Процесс миграции иммунных клеток стал более «прозрачным»
Когда в организм человека попадают инфекционные агенты, например бактерии или вирусы, иммунная система начинает с ними бороться, запуская воспалительный процесс. В воспалении центральную роль играют нейтрофилы — клетки крови, способные поглощать патогены и уничтожать их. Нейтрофилы образуются в красном костном мозге, после чего выходят в кровь и циркулируют по сосудам. Когда в организм попадает инфекционный агент, нейтрофилы переносятся кровью и, проникая сквозь клетки эндотелия — ткани, формирующей стенки сосудов, — попадают в это место, в результате чего формируется очаг воспаления.

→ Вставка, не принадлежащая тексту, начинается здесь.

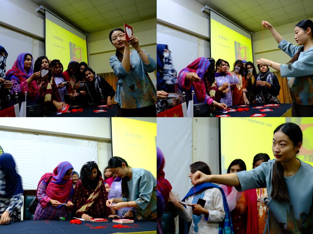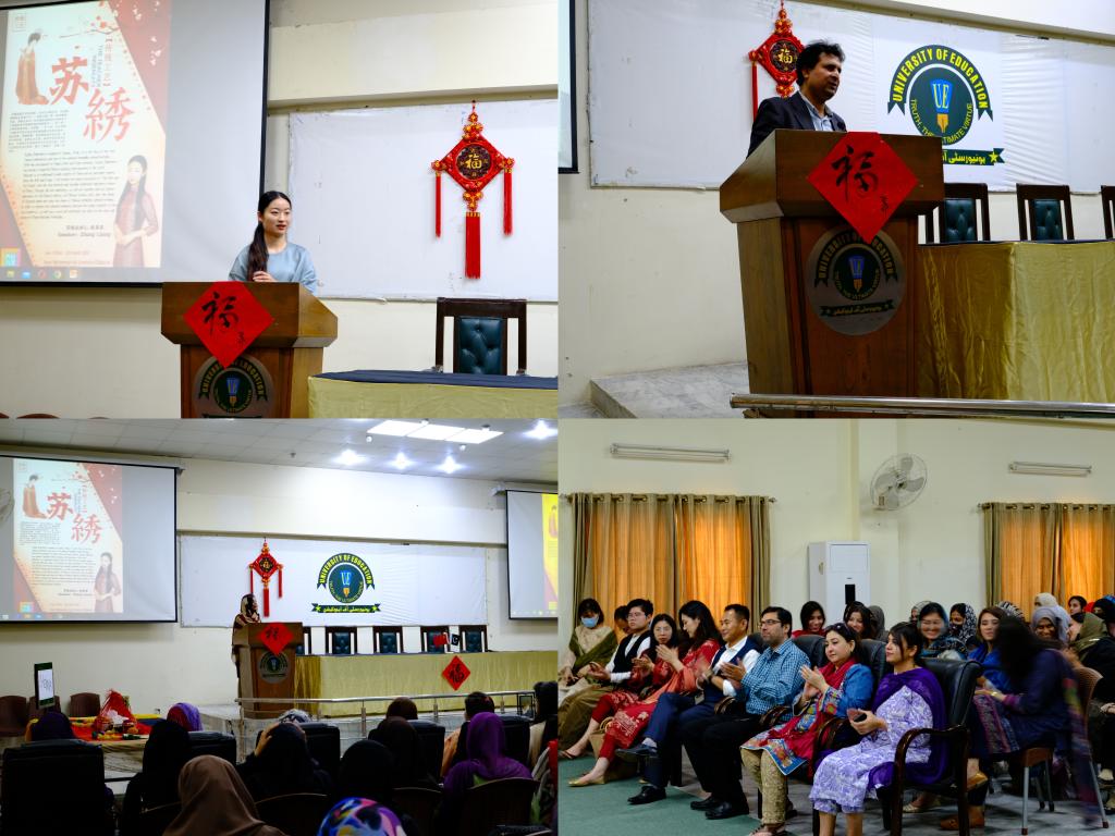 3月30日上午,中巴项目博士在读学生张黎星作为主讲人在巴基斯坦拉合尔教育大学多功能厅讲解苏绣文化,并带领与会人员现场体验了苏绣制作。

Поскольку миграция нейтрофилов происходит при любых инфекциях, важно понимать, как протекает этот процесс и к каким изменениям в тканях он может привести. Однако до сих пор не существует подхода, который бы позволил в трехмерном пространстве в режиме реального времени и с максимальным разрешением наблюдать за миграцией нейтрофилов через эндотелий.
Ученые из Национального исследовательского Нижегородского государственного университета имени Н. И. Лобачевского и государственного технического университета имени Р. Э. Алексеева (Нижний Новгород) предложили подход, позволяющий детально исследовать процесс прохождения нейтрофилов сквозь стенки кровеносных сосудов. Авторы разработали систему, состоящую из двух камер, закрепленных друг над другом. Благодаря наличию небольших отверстий камеры сообщались, и нейтрофилы при необходимости могли перемещаться между ними. Далее на дно верхней камеры поместили тонкий слой клеток эндотелия, имитирующий стенку кровеносного сосуда. Нижняя емкость выступала в роли ткани, в которой развивалось воспаление, поэтому там находились клетки золотистого стафилококка (Staphylococcusaureus) — бактерии, вызывающей множество гнойных инфекций.
Авторы нанесли на слой эндотелиальных клеток нейтрофилы и наблюдали за тем, как последние преодолевают препятствие из эндотелиальных клеток, отделяющих их от бактерий в нижней камере. С помощью сканирующего ион-проводящего микроскопа, где ионный ток используется в качестве детектора, ученые оценивали как состояние самих нейтрофилов, так и эндотелиальных клеток в процессе миграции.
Исследование показало, что нейтрофилы активно «ползали» по слою в местах соединения соседних эндотелиальных клеток, поскольку именно здесь они могли создать пору и проникнуть через барьер в нижнюю камеру. Для этого нейтрофилы довольно быстро (всего в течение семи минут после нанесения на слой) устанавливали межклеточные контакты с клетками эндотелия. Дальнейшие наблюдения показали, что, по мере того, как миграция становилась более интенсивной, в эндотелиальном барьере начинали возникать повреждения за счет роящихся и выделяющих провоспалительные вещества нейтрофилов. Наблюдалось значительное увеличение межклеточных пространств, повреждалась мембрана эндотелиоцитов, образовывались множественные отверстия и стресс-фибриллы, что иногда приводило к гибели клеток. Это объясняет случаи, когда в месте сильного воспаления и миграции нейтрофилов стенки кровеносных сосудов повреждаются, приводя к кровотечениям.
«Предложенный нами метод позволил в режиме реального времени наблюдать процессы, происходящие при воспалении в нашем организме. Нам удалось найти причины возможных осложнений при бактериальных инфекциях, к которым может привести нарушение целостности стенок сосудов. В дальнейшем мы планируем усовершенствовать систему наблюдения за миграцией нейтрофилов путем создания более совершенной системы камер, максимально имитирующей физиологические условия. Это позволит оценить не только морфофункциональные и механические, но и биохимические и иммунологические особенности процесса. Мы надеемся, что такой комплексный подход позволит не только выявить принципиально новые аспекты этого сложного процесса, но и приведет в будущем к созданию новых препаратов, позволяющих регулировать воспалительные реакции организма», — рассказывает руководитель проекта, поддержанного грантом РНФ, Екатерина Горшкова, кандидат биологических наук, старший научный сотрудник научно-исследовательской лаборатории сканирующей зондовой микроскопии ННГУ имени Н. И. Лобачевского. Исследование поддержанно грантом Российского научного фонда (РНФ) и опубликовано в журнале Cells.